# 99214/99215



## HBULLOCK (Jan 29, 2014)

I believe this is a 99214 but Dr. wants to charge a 99215. What do you think? Thanks 

mom states no urine x2 days,drinking ok

pt states also vomiting, diarrhea, fever

Vital Signs 
AGE 15y8.7m
TEMPERATURE 99.3 F
BLOOD PRESSURE 100/62
WEIGHT 131.8 lb
WEIGHT (%) 73

History of Present Illness 
Seen here mutiple times over the past month for multiple illnesses. Vomiting starting two days ago, no diarrhea. Fevers 100-101 at home, more often at night (last fever was 2 nights ago, no fever last night). Cough has improved, less rhinorrhea and congestion. Now mostly complaining of abd pain, mostly right sided pain. Last BM was a couple of days ago, soft nl stool. Had a couple of drops of urine yesterday, maybe a full stream per Mikayla but Mom says only some dribbles. No urine since then per Mom.
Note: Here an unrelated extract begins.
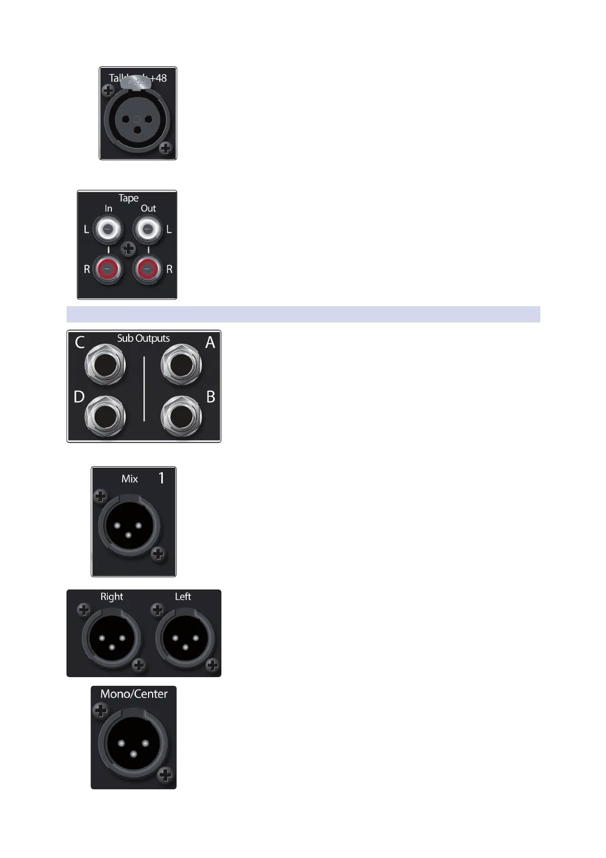 only). These are balanced mono outputs, one for each subgroup.

Today drank a bottle of water, and 1/4 bottle of gatorade. Nothing to eat today, last emesis 11pm last night. Able to keep down the water and gatorade at school today. Some mild pain with urination yesterday, felt like she had some pain at the end of urination. Maybe a little back pain as well. Urine seemed dark yellow yesterday as well. No foul odor. 

Allergies 
ATOMOXETINE HCL - Headaches, Vomiting : Strattera

Physical Exam 
General Appearance 

‎WDWN, NAD, well hydrated, alert and communicative

Skin 

Clear, no rashes, nl skin turgor, nl cap refill

Head 

‎Normocephalic, atraumatic

Eyes 

‎Sclera white, conjunctiva pink. No injection or abnormal discharge noted.

Ears 

‎NL canals, TMs clear with normal landmarks

Nose 

‎NL shape, no discharge

Mouth 

MMM

Throat 

absent tonsils, no erythema

Lymph Nodes 

‎No palpable lymph nodes

Heart 

‎RRR, no murmur, S1 & S2

Lungs 

‎Clear to auscultation, no rales or wheezes

Abdomen 

‎Soft, mild right sided abd tenderness (slight wincing when palpating middle aspect of right side of abd), no guarding, no rebound tenderness, no masses.  Liver/spleen not enlarged.  NL bowel sounds.
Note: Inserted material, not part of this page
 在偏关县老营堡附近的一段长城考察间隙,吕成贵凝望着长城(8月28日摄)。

Labs / X-Ray Findings Urine Culture; Urine Dipstick
Assessment and Plan 
Assesment 

Gastro

Poor UO - likely related to very mild dehydration or viral cystitis

Plan: 

Zofran as prescribed. UA nl. Attempted to reassure Mom and patient given nl UA, but Mom was demanding that lab work be done because "we are missing something". Mom was very upset, and started to raise her voice stating that it "isn't normal for a girl to not have a full stream of urine or have belly pain like this". CBC nl, CMP nl. Reassured that limited UO likely related to mild dehydration or ?post-viral cystitis.

Encourage rest and hydration.‎ Advance to regular diet as tolerated.

RTC for persistent vomiting/diarrhea and unable to tolerate PO, vomit that is bright green or bloody, or blood in stool.


----------



## dclark7 (Jan 29, 2014)

I agree with you, this is not a 99215.  There is nothing in the documetnation that would indicate a "threat to life or bodily function", he's not putting her on toxic drug therapy or proposing any major surgery, and he's not doing a huge work up for the problem.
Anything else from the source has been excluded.